Chapter 2. The Time-Quality Curve
Where you invest your love, you invest your life.
Awake my soul
Mumford and Sons
Doing things takes time.
Sometimes that’s annoying, but at least some of the time it’s the whole purpose. Either way, it’s hard to avoid the fact that we have to spend time to get anything done. Doing things well often takes more time again, and that can also be annoying or purposeful.

If we have limited time and lots of demands, the challenge is picking when to stop one task and move on, to know when something is “good enough”. The S-shaped Time-Quality curve shown here is perhaps slightly too simple to perfectly describe every task we do – but the basic concept probably holds pretty well.
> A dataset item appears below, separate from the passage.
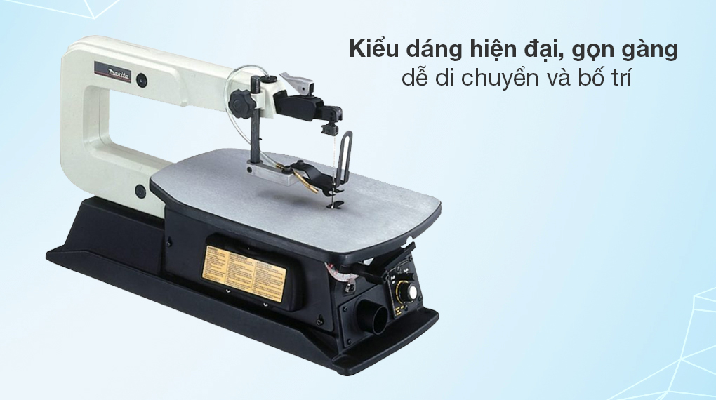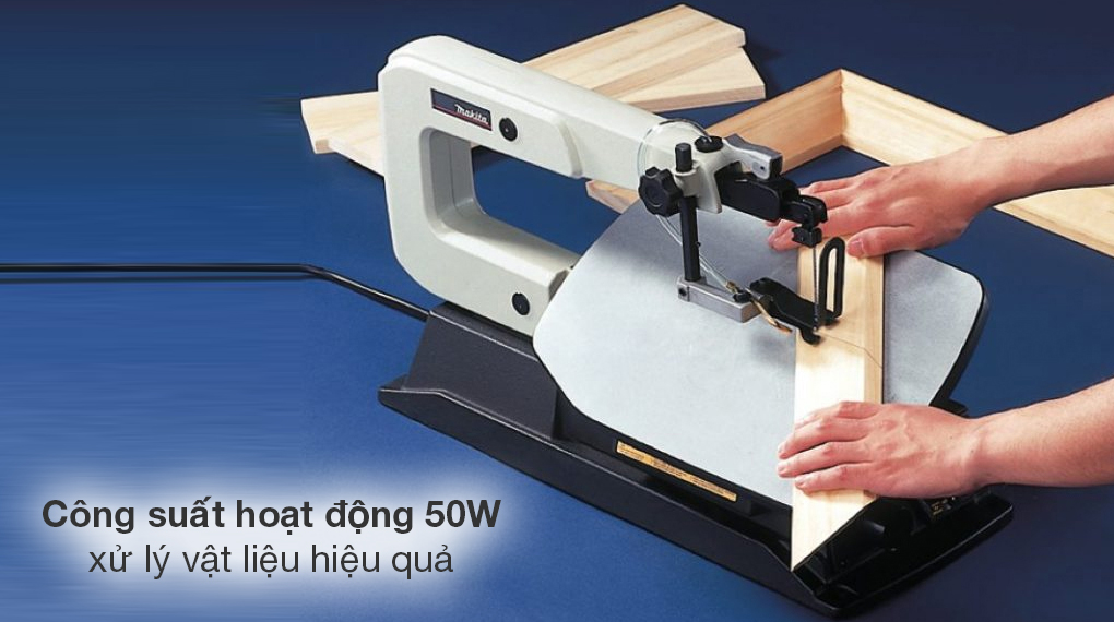 - Máy cưa lọng hoạt động với công suất 50W, tốc độ không tải tối đa 400-1600 vòng/phút, phục vụ tốt cho nhu cầu cưa cắt, đục đẽo, tạo hoa văn cho các sản phẩm đồ gỗ như giường, tủ đồ, bàn ghế,... trong các phân xưởng, cửa tiệm.

The main message from this curve is that we get non-linear value for our minutes. That is, some minutes give us more return than average and some give us less return – and so when we have time pressure, we need to try to optimise where we spend them.
In essence, the curve suggests that the first phase on a task is where the time we invest doesn’t really get us very far in terms of quality outcomes – because at that stage we haven’t done enough of the task to actually create an outcome at all. We might be doing useful or even necessary groundwork for a quality outcome, but clearly more time is required before we can consider it ‘done’.
Then there is a second phase where you get increasingly high returns for the time you put in. At some stage towards the end of this phase and maybe even right on the inflexion point, you reach Point A – the minimum feasible point at which the task could be realistically be considered “done”. Once this point is reached, we have to then make a choice about how much – if at all – we want to continue, because now we are using discretionary time rather than necessary time. Every non-linear minute spent here now needs to be a worthwhile investment, because it is time that could be used on other things.
As the curve continues beyond Point A, we see it flattens out into a phase of diminishing returns where every minute spent does less and less to further improve the quality of the final outcome. This is where we have to apply our judgement about just how good is good enough? The question is more complex even than that, because any analysis of how good it is needs to take into account the context and the opportunity cost. That is, does it need to be better in this specific circumstance? And what else isn’t getting done because I’m doing this task better?
Knowing when to stop and move on to another task (or just stopping!) is really important for our overall ability to manage time. Once we get beyond Point A and deep into Phase 3, where the improvement in quality from every minute spent on the task is getting less and less, there has to be a really good reason to keep going.
There are certainly entirely valid reasons to push on well-beyond Point A, that’s where the really great work gets done. However, I think knowing when to stop and not seek ‘perfection’ on everything is one of the real keys to bigger things like “time management” and “work-life balance”, amongst others.
A key idea to take out from the concept of the Time-Quality curve is not just that if a job’s worth doing, it’s worth doing well. That’s been beaten into us forever. What might be a more useful insight now is the unspoken corollary: that is if a job isn’t worth doing, it probably isn’t worth doing well. Or at least, if it’s done sufficiently well, there is no need to invest more time on it.
Anyway, enough on this subject. I think I’ve made my point sufficiently well for now, and I need to move on to some other important things.